* **PROBLEM REQUIREMENTS**: All pictures must be left out as you transcribe the lines from the first line of the data to the line containing "The grand living", both included.

* **INFORMATION SHOWN**:

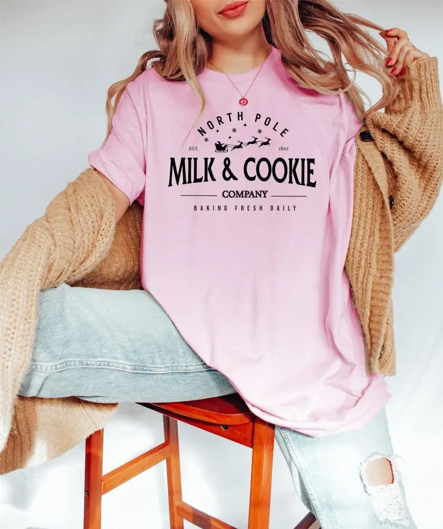 Review North Pole Milk and Cookie Company Shirt / Cute Christmas Sweater / Christmas Cookies Shirt / Santa and Reindeers / Christmas Baking Shirt
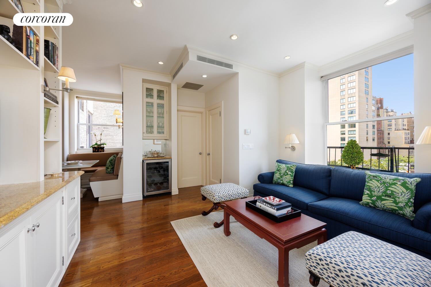 The grand living room, anchored by a wood-burning fireplace, is ideal for refined entertaining or quiet evenings at home. A richly appointed library with custom lacquered millwork and walls provides a tranquil space for reading or working, while the formal dining room-an impressive corner room with four oversized windows-overlooks tree-lined 81st Street townhouses and the Metropolitan Museum of Art, creating the perfect backdrop for unforgettable gatherings.
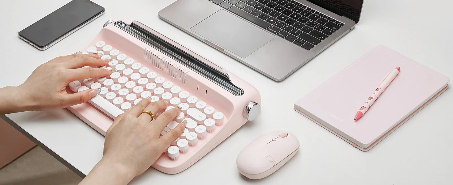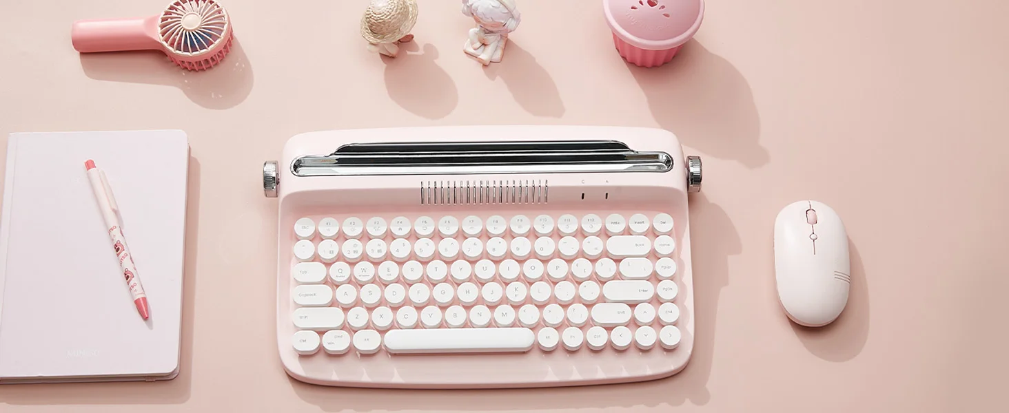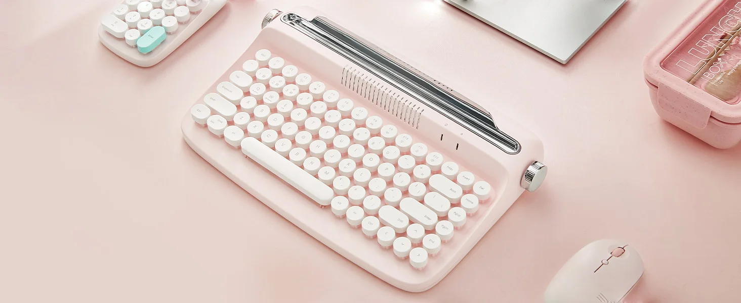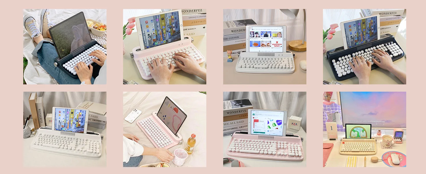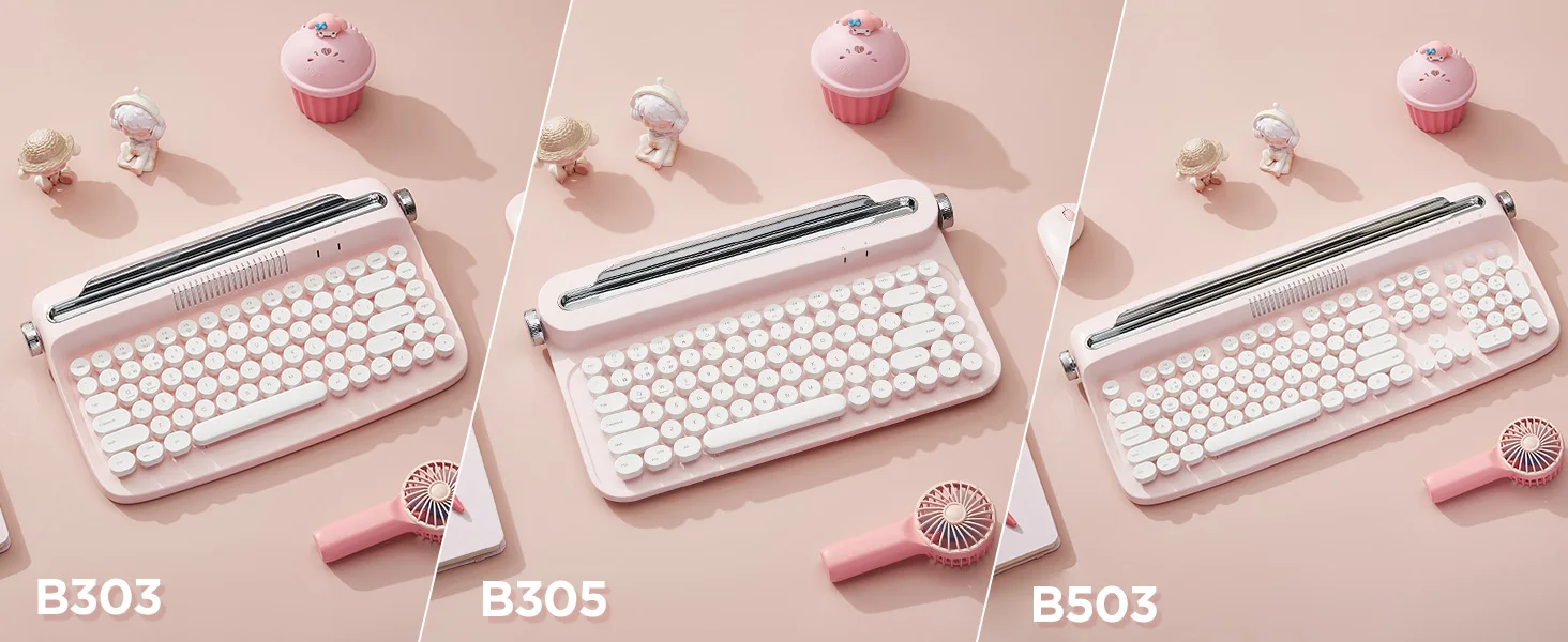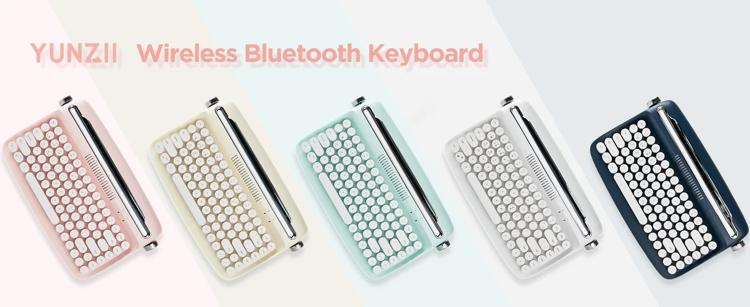The YUNZII B303 wireless keyboard offers a unique blend of vintage charm and modern typewriter function, with its compact layout, retro keyboard typewriter style, pastel color scheme, and cute round keycaps. Enjoy a more enjoyable typing experience with this eye-catching typewriter.

* **RESPONSE TO THIS TASK**:
 Review North Pole Milk and Cookie Company Shirt / Cute Christmas Sweater / Christmas Cookies Shirt / Santa and Reindeers / Christmas Baking Shirt
 The grand living room, anchored by a wood-burning fireplace, is ideal for refined entertaining or quiet evenings at home. A richly appointed library with custom lacquered millwork and walls provides a tranquil space for reading or working, while the formal dining room-an impressive corner room with four oversized windows-overlooks tree-lined 81st Street townhouses and the Metropolitan Museum of Art, creating the perfect backdrop for unforgettable gatherings.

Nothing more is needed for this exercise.